REQUIRED WORK
With pictures omitted, restate the data word for word.

DATA EXCERPT
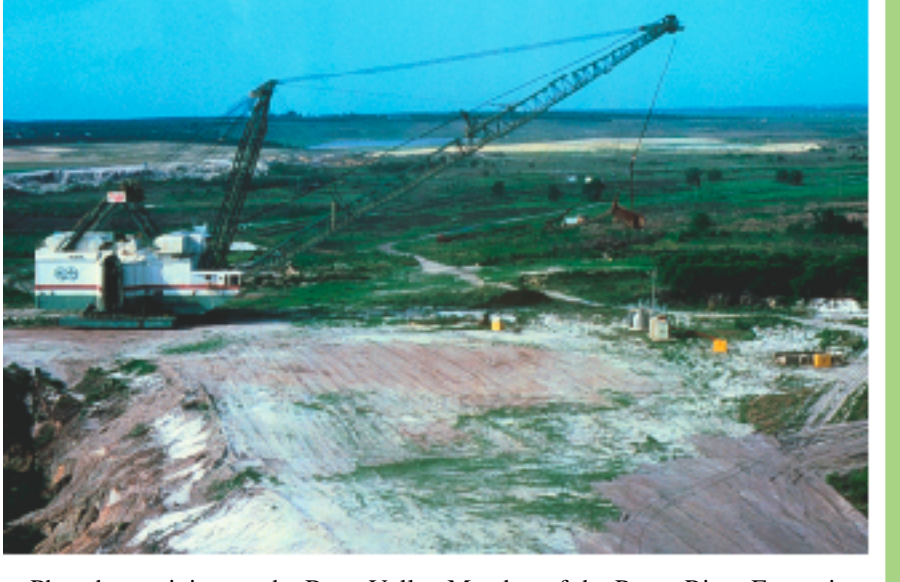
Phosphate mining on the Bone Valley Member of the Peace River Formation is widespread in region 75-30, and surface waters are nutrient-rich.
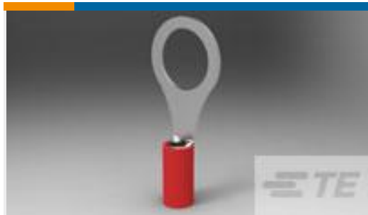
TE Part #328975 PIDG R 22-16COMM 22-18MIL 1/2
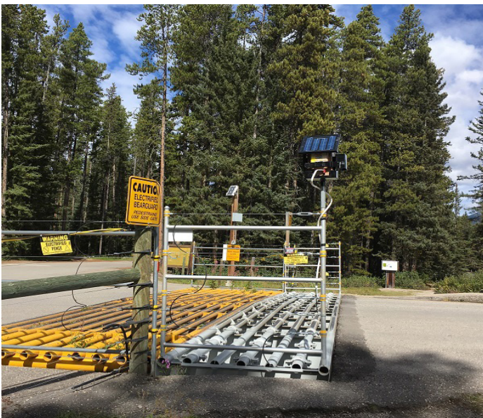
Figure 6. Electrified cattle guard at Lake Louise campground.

RESPONSE TO THE TASK
Phosphate mining on the Bone Valley Member of the Peace River Formation is widespread in region 75-30, and surface waters are nutrient-rich.
TE Part #328975 PIDG R 22-16COMM 22-18MIL 1/2
Figure 6. Electrified cattle guard at Lake Louise campground.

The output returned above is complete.